[Records contained in a dataset]
▼▼▼

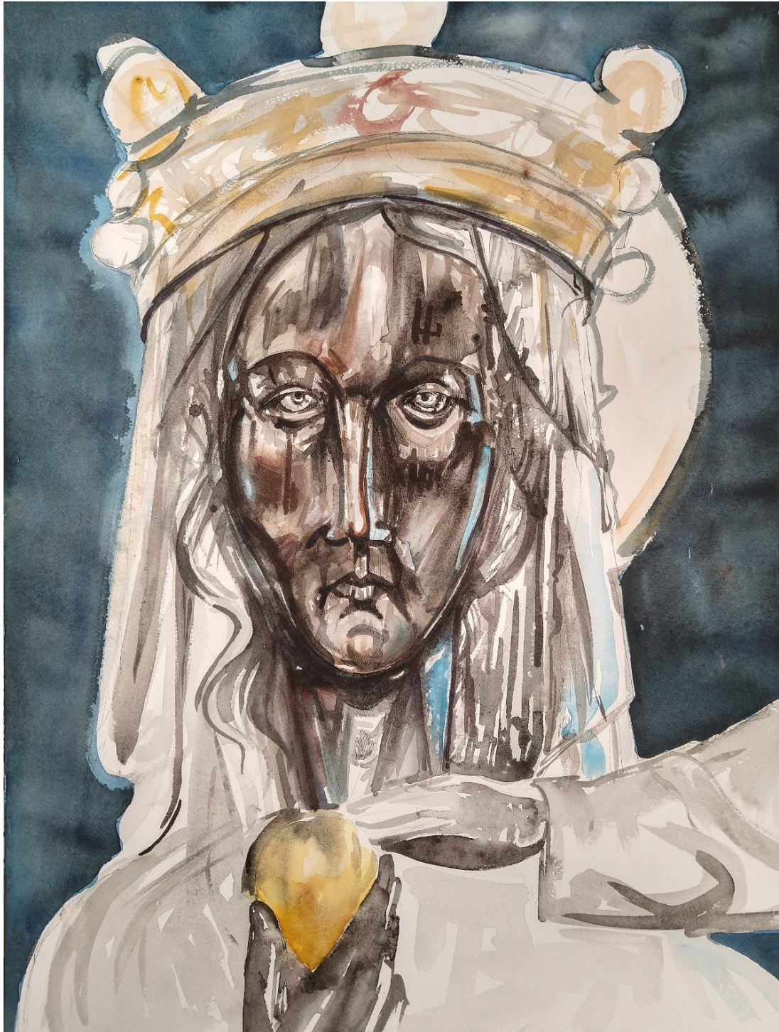
Black Madonna Watercolor and ink on Arches Paper 61 x 46 cm 2023
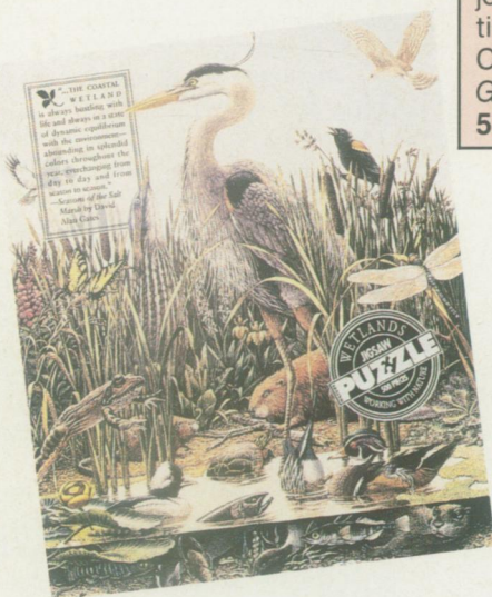
A watercolor adaptation of the Wetlands by Larry Duke exemplifies this habitat at every level sky, land, water surface, and below sea level. An accompanying flyer identifies most of the creatures in the picture.

Expressly from Science News Books are five glorious Museum Puzzles featuring beautiful color photographs and exquisite watercolor and oil paintings of science and nature subjects at their finest. Enjoy challenging your mind and creating stunning full-color jigsaw images. These puzzles also help you learn about the subject matter as each contains a labeled color photograph of the image distinguishing what each element is and, when appropriate, where it is found. Choose from Shells of the Land and Sea , Our National Parks , Wetlands , Gemstones , and Tropical Fish of the World . Each puzzle is comprised of 500 pieces, measures 14" x 18", and costs only $12.95.
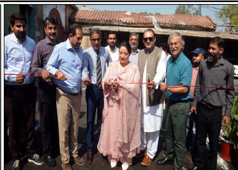
RAWALPINDI: Coordinator to Prime Minister on Climate Change, Romina Khurshid Alam inaugurating a solar energy project of a beverage company.

The minister highlighted the tremendous op
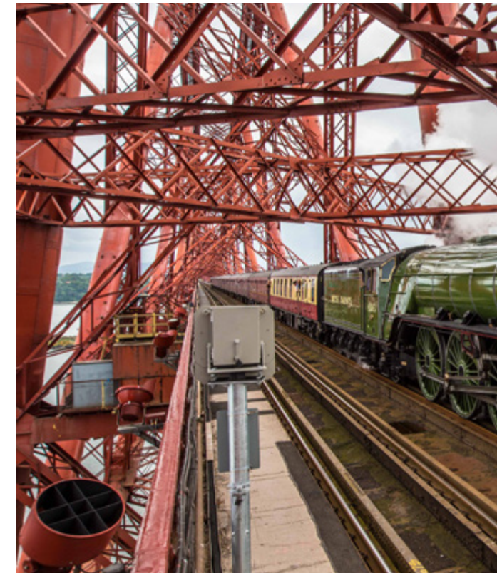
(L-R): Cyclists crossing Forth Road Bridge ( VisitScotland - TBC ), Queensferry Crossing and Forth Road Bridge ( TBC ), Steam engine on Forth Bridge ( TBC ), Forth Road Bridge public event ( Amey )
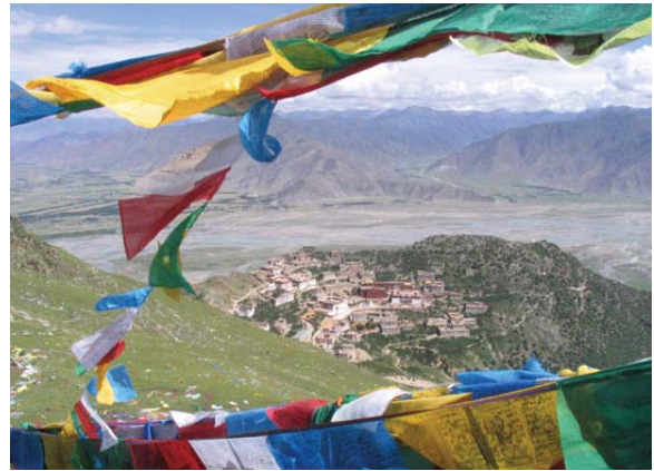
Tibetan prayer flags near Ganden Monastery.

The few intrepid travelers who made it to Tibet in the 1980s were generally aware of the situation there before they set out on their journey – at least, as aware as they could be in light of the authorities’ attempts to block information flow on Tibet. It is notable that there are very few accounts of travel to Tibet by non-Chinese writers in the last 50 years and more which do not dwell on the Chinese state’s oppression of the Tibetan people and the destruction of Tibetan culture.
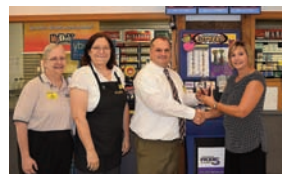
No Frills #3, Bellevue
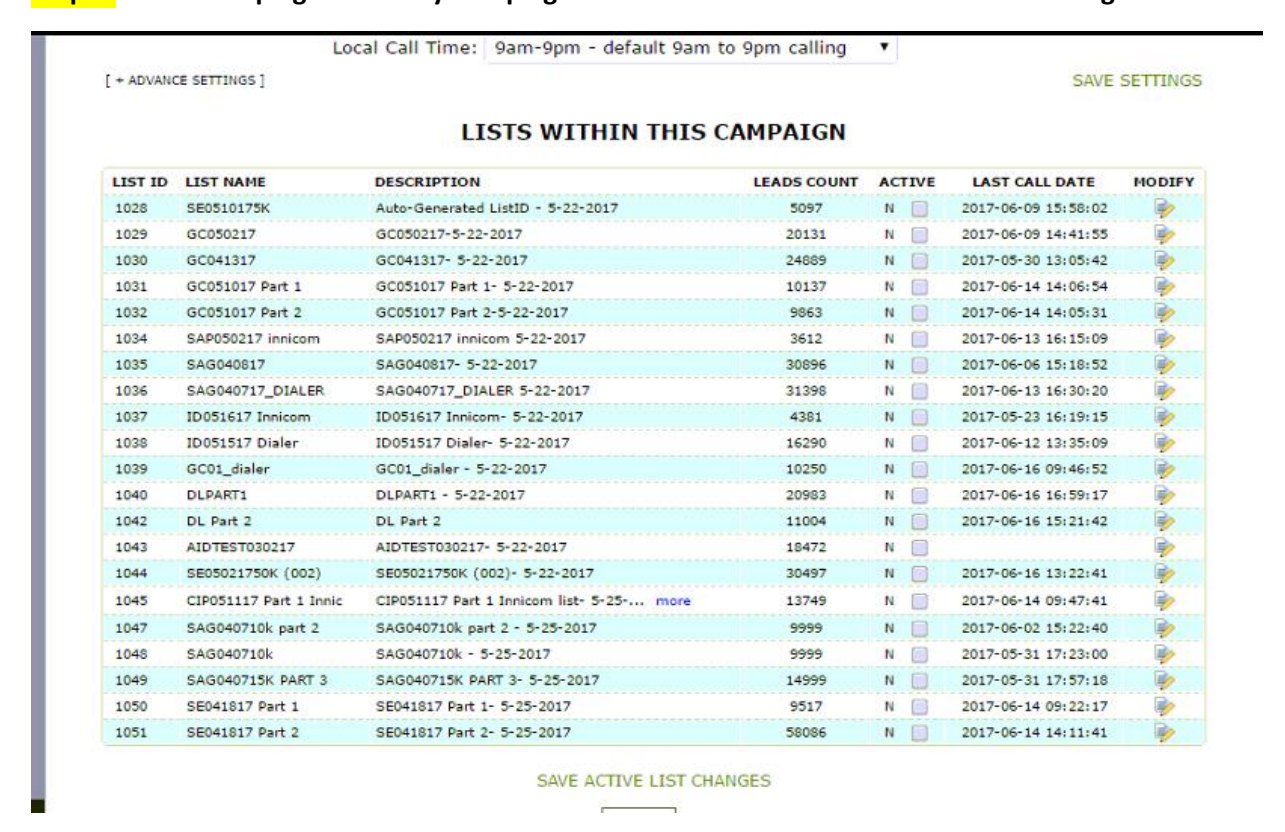
Step 1: Select Campaign → Modify Campaign → Select All Lists as Inactive before creating a List Mix

Step 2: Select Campaign → List Mix Tab → Select Modify List Mix

▲▲▲

## Problem details
Without any pictures, please reproduce the full set of entries.

## Worked solution
Black Madonna Watercolor and ink on Arches Paper 61 x 46 cm 2023
A watercolor adaptation of the Wetlands by Larry Duke exemplifies this habitat at every level sky, land, water surface, and below sea level. An accompanying flyer identifies most of the creatures in the picture.

Expressly from Science News Books are five glorious Museum Puzzles featuring beautiful color photographs and exquisite watercolor and oil paintings of science and nature subjects at their finest. Enjoy challenging your mind and creating stunning full-color jigsaw images. These puzzles also help you learn about the subject matter as each contains a labeled color photograph of the image distinguishing what each element is and, when appropriate, where it is found. Choose from Shells of the Land and Sea , Our National Parks , Wetlands , Gemstones , and Tropical Fish of the World . Each puzzle is comprised of 500 pieces, measures 14" x 18", and costs only $12.95.
RAWALPINDI: Coordinator to Prime Minister on Climate Change, Romina Khurshid Alam inaugurating a solar energy project of a beverage company.

The minister highlighted the tremendous op
(L-R): Cyclists crossing Forth Road Bridge ( VisitScotland - TBC ), Queensferry Crossing and Forth Road Bridge ( TBC ), Steam engine on Forth Bridge ( TBC ), Forth Road Bridge public event ( Amey )
Tibetan prayer flags near Ganden Monastery.

The few intrepid travelers who made it to Tibet in the 1980s were generally aware of the situation there before they set out on their journey – at least, as aware as they could be in light of the authorities’ attempts to block information flow on Tibet. It is notable that there are very few accounts of travel to Tibet by non-Chinese writers in the last 50 years and more which do not dwell on the Chinese state’s oppression of the Tibetan people and the destruction of Tibetan culture.
No Frills #3, Bellevue
Step 1: Select Campaign → Modify Campaign → Select All Lists as Inactive before creating a List Mix

Step 2: Select Campaign → List Mix Tab → Select Modify List Mix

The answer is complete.